[Start of Attachment]
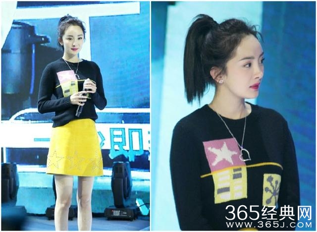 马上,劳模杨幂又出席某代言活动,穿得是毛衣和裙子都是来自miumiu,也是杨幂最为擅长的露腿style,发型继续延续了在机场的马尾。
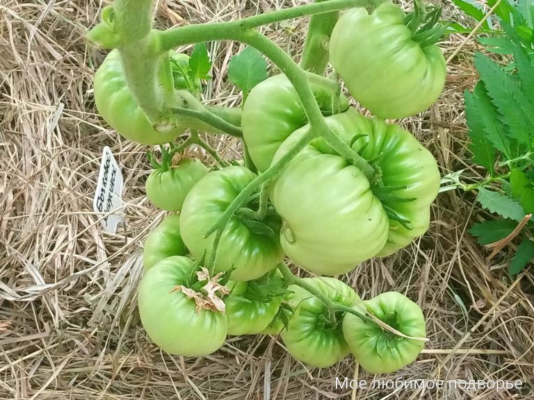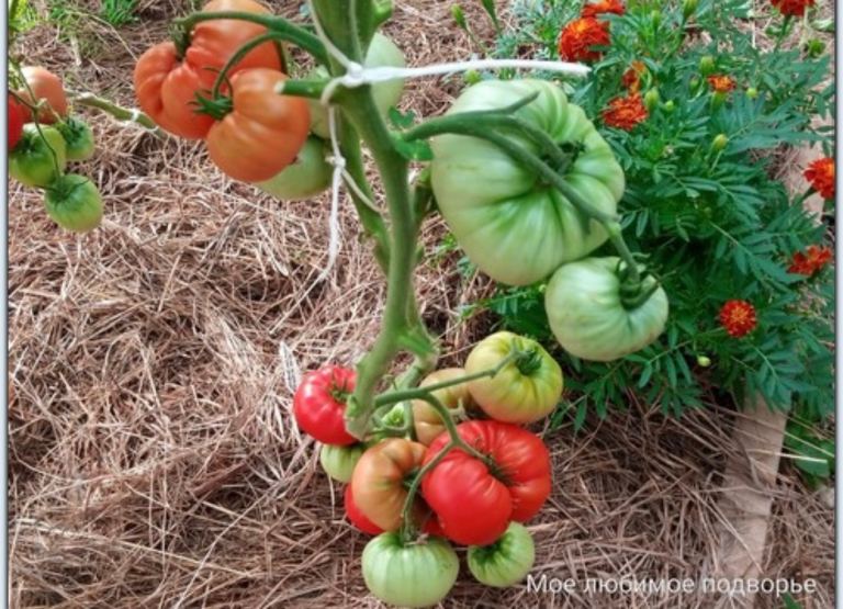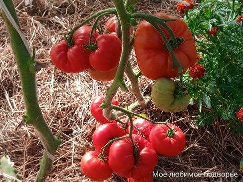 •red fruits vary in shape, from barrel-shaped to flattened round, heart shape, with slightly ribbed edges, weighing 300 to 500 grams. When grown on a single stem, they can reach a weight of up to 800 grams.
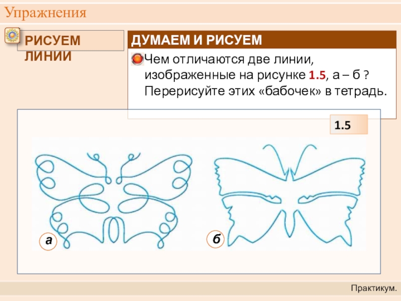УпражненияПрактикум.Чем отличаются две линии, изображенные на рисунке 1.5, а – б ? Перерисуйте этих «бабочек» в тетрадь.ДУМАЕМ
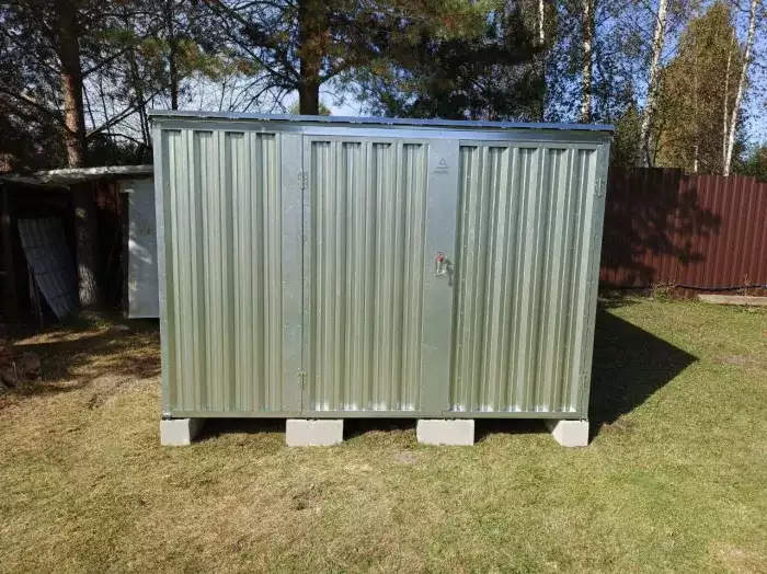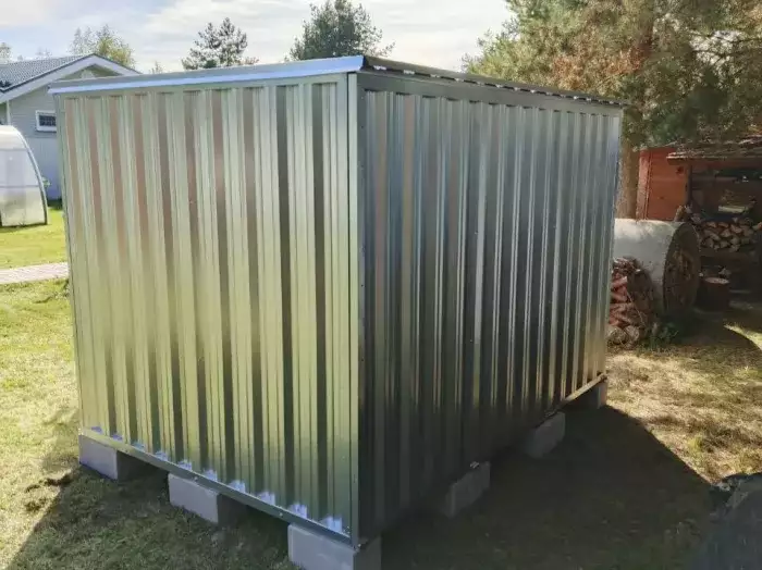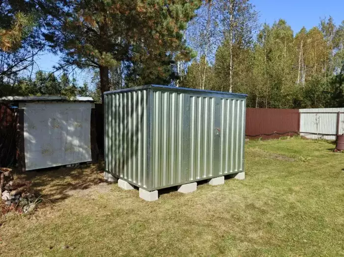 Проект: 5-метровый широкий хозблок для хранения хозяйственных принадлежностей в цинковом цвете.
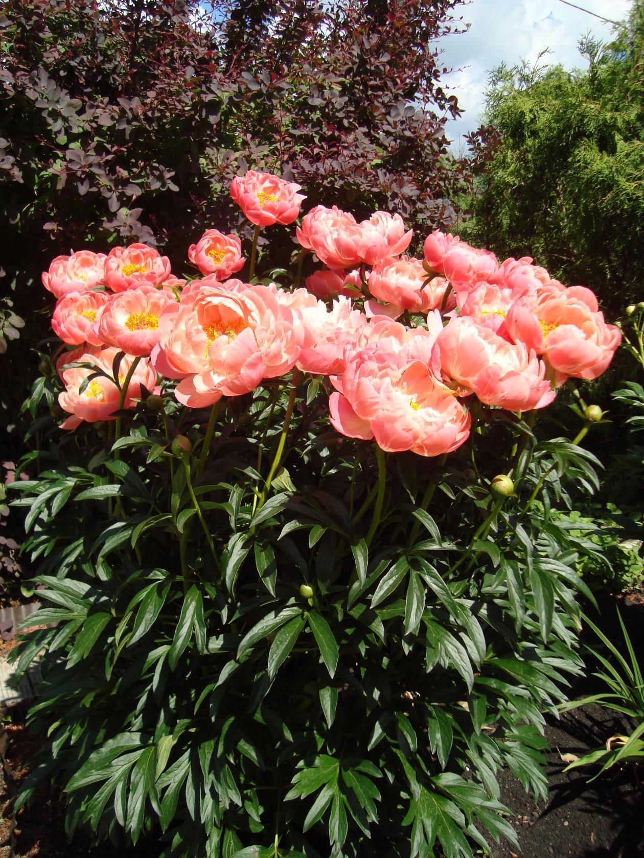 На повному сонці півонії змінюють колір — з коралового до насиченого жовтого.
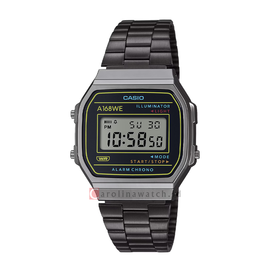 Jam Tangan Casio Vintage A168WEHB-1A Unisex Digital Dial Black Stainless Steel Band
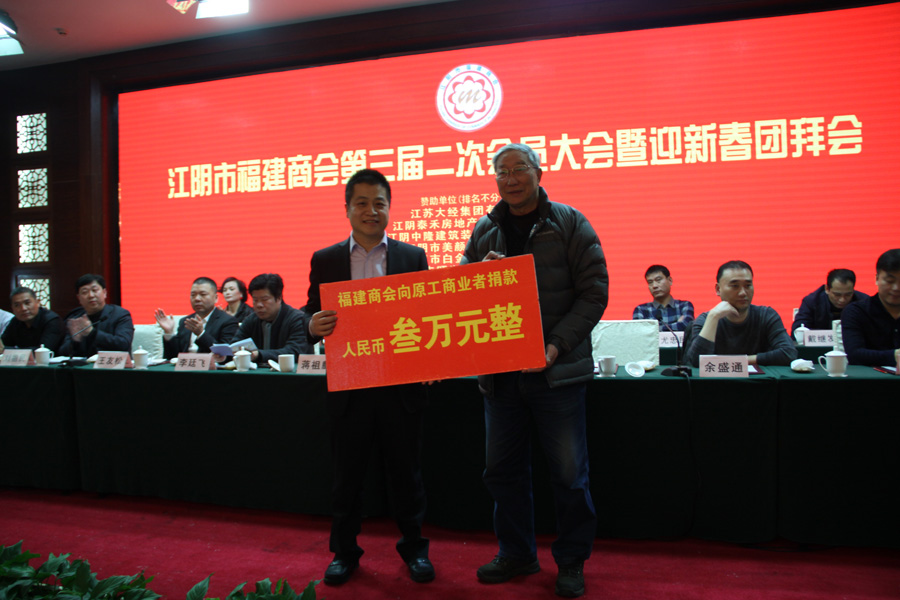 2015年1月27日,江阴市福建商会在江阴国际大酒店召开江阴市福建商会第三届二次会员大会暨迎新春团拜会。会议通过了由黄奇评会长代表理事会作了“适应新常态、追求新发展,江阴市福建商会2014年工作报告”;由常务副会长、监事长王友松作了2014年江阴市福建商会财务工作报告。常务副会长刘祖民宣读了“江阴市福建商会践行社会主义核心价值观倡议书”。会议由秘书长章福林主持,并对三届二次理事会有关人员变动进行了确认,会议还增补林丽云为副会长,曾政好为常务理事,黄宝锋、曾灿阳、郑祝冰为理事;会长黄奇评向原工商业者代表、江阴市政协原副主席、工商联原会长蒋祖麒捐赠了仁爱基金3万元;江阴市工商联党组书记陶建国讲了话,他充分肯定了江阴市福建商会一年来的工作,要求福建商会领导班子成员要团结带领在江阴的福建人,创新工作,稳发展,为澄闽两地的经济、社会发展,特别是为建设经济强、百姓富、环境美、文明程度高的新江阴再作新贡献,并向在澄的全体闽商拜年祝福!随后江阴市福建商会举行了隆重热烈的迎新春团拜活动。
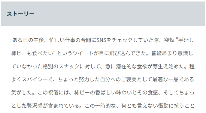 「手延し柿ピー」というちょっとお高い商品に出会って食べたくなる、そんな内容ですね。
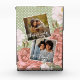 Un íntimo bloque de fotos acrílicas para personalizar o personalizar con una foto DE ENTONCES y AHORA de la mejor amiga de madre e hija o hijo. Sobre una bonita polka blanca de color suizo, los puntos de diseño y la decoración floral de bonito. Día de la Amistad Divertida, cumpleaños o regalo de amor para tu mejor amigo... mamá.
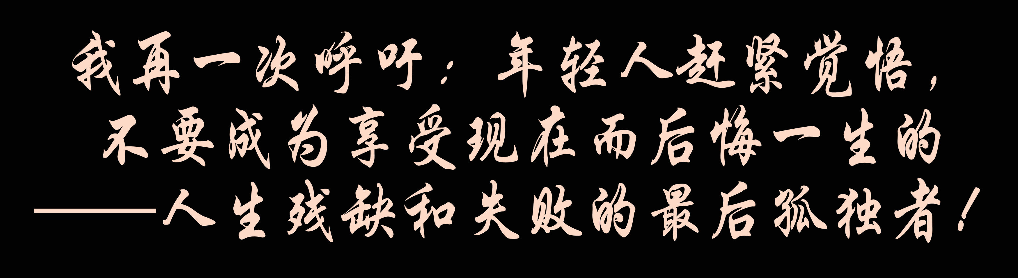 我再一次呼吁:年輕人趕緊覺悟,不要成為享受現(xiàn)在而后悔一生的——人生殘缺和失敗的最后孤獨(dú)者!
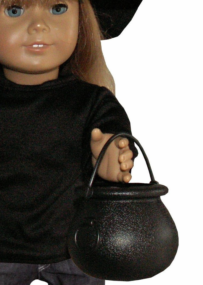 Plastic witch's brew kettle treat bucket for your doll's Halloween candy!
[End of Attachment]
◆ Exercise: Would you please copy the material exactly, leaving all the pictures out?

◆ Result:
 马上,劳模杨幂又出席某代言活动,穿得是毛衣和裙子都是来自miumiu,也是杨幂最为擅长的露腿style,发型继续延续了在机场的马尾。
 •red fruits vary in shape, from barrel-shaped to flattened round, heart shape, with slightly ribbed edges, weighing 300 to 500 grams. When grown on a single stem, they can reach a weight of up to 800 grams.
УпражненияПрактикум.Чем отличаются две линии, изображенные на рисунке 1.5, а – б ? Перерисуйте этих «бабочек» в тетрадь.ДУМАЕМ
 Проект: 5-метровый широкий хозблок для хранения хозяйственных принадлежностей в цинковом цвете.
 На повному сонці півонії змінюють колір — з коралового до насиченого жовтого.
 Jam Tangan Casio Vintage A168WEHB-1A Unisex Digital Dial Black Stainless Steel Band
 2015年1月27日,江阴市福建商会在江阴国际大酒店召开江阴市福建商会第三届二次会员大会暨迎新春团拜会。会议通过了由黄奇评会长代表理事会作了“适应新常态、追求新发展,江阴市福建商会2014年工作报告”;由常务副会长、监事长王友松作了2014年江阴市福建商会财务工作报告。常务副会长刘祖民宣读了“江阴市福建商会践行社会主义核心价值观倡议书”。会议由秘书长章福林主持,并对三届二次理事会有关人员变动进行了确认,会议还增补林丽云为副会长,曾政好为常务理事,黄宝锋、曾灿阳、郑祝冰为理事;会长黄奇评向原工商业者代表、江阴市政协原副主席、工商联原会长蒋祖麒捐赠了仁爱基金3万元;江阴市工商联党组书记陶建国讲了话,他充分肯定了江阴市福建商会一年来的工作,要求福建商会领导班子成员要团结带领在江阴的福建人,创新工作,稳发展,为澄闽两地的经济、社会发展,特别是为建设经济强、百姓富、环境美、文明程度高的新江阴再作新贡献,并向在澄的全体闽商拜年祝福!随后江阴市福建商会举行了隆重热烈的迎新春团拜活动。
 「手延し柿ピー」というちょっとお高い商品に出会って食べたくなる、そんな内容ですね。
 Un íntimo bloque de fotos acrílicas para personalizar o personalizar con una foto DE ENTONCES y AHORA de la mejor amiga de madre e hija o hijo. Sobre una bonita polka blanca de color suizo, los puntos de diseño y la decoración floral de bonito. Día de la Amistad Divertida, cumpleaños o regalo de amor para tu mejor amigo... mamá.
 我再一次呼吁:年輕人趕緊覺悟,不要成為享受現(xiàn)在而后悔一生的——人生殘缺和失敗的最后孤獨(dú)者!
 Plastic witch's brew kettle treat bucket for your doll's Halloween candy!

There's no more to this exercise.